Rather than using the stilted, authoritative single-voice narration that was typical of such 'promotion documentaries' at the time, Mason and Lee opted for a strikingly reflexive approach, using a lively (and frequently tongue-in-cheek) multi-voice narration, which is introduced through the dramatic device of a production planning meeting between the film's Producer-in-Chief (Alexander Archdale), the director (Alastair Smart) and the screenwriter (Livermore). This allowed the film to become an ironic critique of itself, humorously examining the mechanics of "documentary" film construction, and the competing pressures and choices that faced filmmakers when creating such films. It also gently parodied Lee and Mason's own situation as "young turks" charged with turning out what were in essence "production-line" propaganda films for a hidebound government department.
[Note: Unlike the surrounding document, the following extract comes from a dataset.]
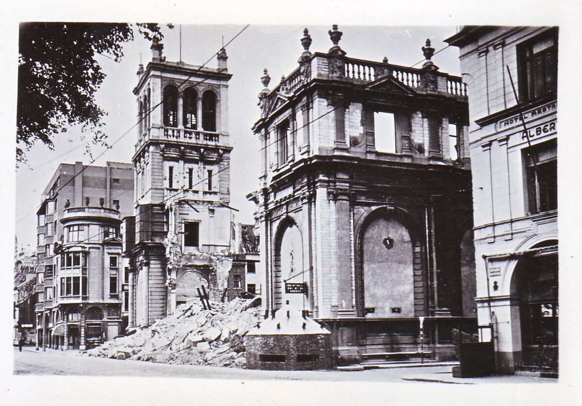 Foto : 9.5 x 6.5 cm. - Het vernielde postgebouw in de Hendrik Serruyslaan.

The film won one of the two Gold Medals given out at the 1965 Australian Film Institute Awards while winning the Travel Award. It also won the Australian National Travel Association's Award for Travel Films Jedda Award, the Kodak Award for Best Colour Photography medallion and the Australian Cinematographers' Society Awards plaque at the ceremony.

Colin Bennett from the Age wrote "After years and years of making cliche-ridden P.R. films about Australia, the Commonwealth Film Unit and the National Film Board have finally plucked up courage to "take the mickey" out of cliche-ridden P.R. films about Australia." He goes on to say "This short film, then, is not only enjoyable. It is a courageous effort to come from an official unit in the sphere of hidebound Australian film production." The Sydney Morning Herald says "it is a crisp departure from the norm, and a clever way of overcoming the diffulculty of fitting "everything about Australia" (we-ell, nearly everything!) into its brief compass of 28 minutes." When it aired on SBS in 1999 Robin Oliver in the Sydney Morning Herald wrote "The set-up is diabolically corny, a jokey film about a film being made about Australia, a point laboured in the opening credits."